The fourteenth amendment prohibits a State from denying to any person within its jurisdiction the equal protection of the laws; but this provision does not, any more than the one which precedes it, and which we have just considered, add any thing [92 U.S. 542, 555] to the rights which one citizen has under the Constitution against another. The equality of the rights of citizens is a principle of republicanism.
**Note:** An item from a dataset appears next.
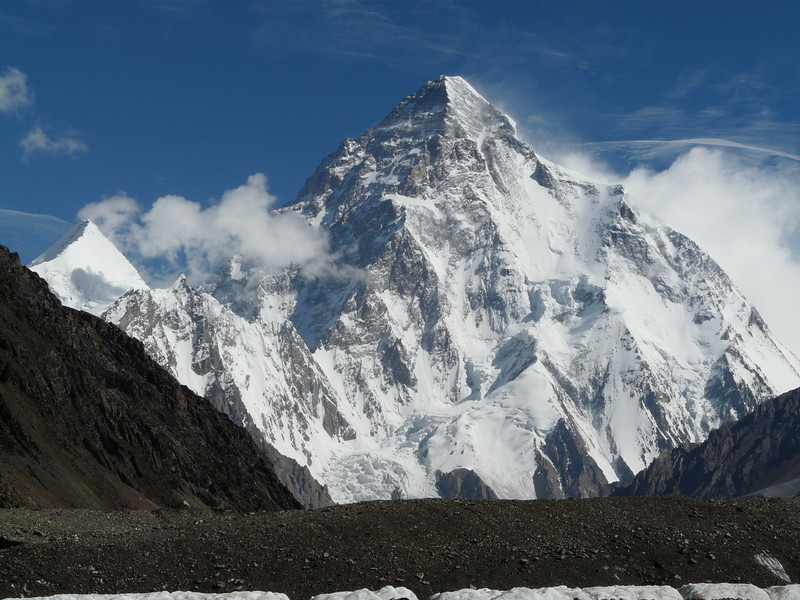 Гора К2, или как ее еще называют Чогори, вторая по высоте вершина на нашей планете, ее высота (8611 м).
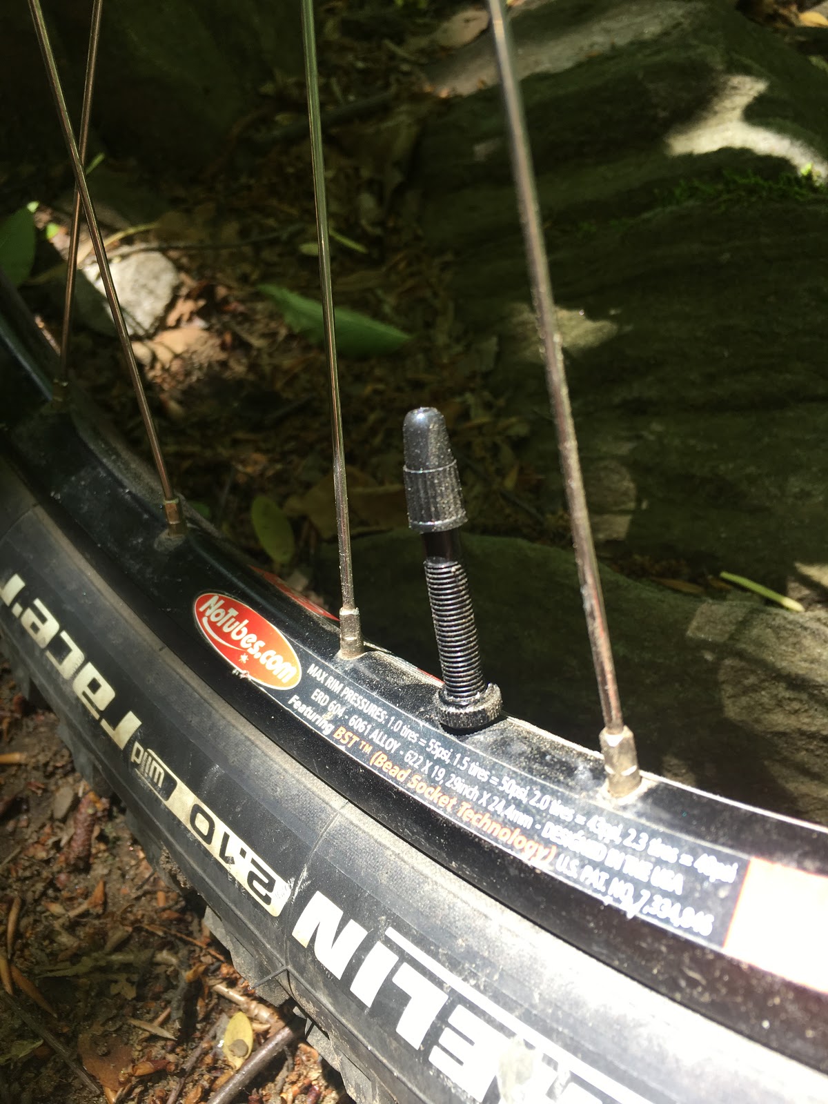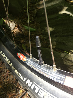 Prior to the ride I had also re-tubeless-ized my tires, since out of laziness I'd allowed them to lapse into a tubed state. See, I'd appropriated the valves from this bike when I tubeless-ized the Jones awhile back, and the other day I finally got around into stopping in a bike shop and getting a new set so I could seal up the rubber on the Engin again.

Every republican government is in duty bound to protect all its citizens in the enjoyment of this principle, if within its power. That duty was originally assumed by the States; and it still remains there. The only obligation resting upon the United States is to see that the States do not deny the right. This the amendment guarantees, but no more. The power of the national government is limited to the enforcement of this guaranty.
...
U.S. v. Cruikshank, 92 U.S. 542 (1875)
 "[N]ot an interpretation that's been held to hold any water"?  Did you miss the part where an 8-to-1 majority of the highest court in the land "held" over a century ago that this interpretation is binding law?  That's a much smaller dissent and much more long-term pedigree than any abortion case you and I find faulty.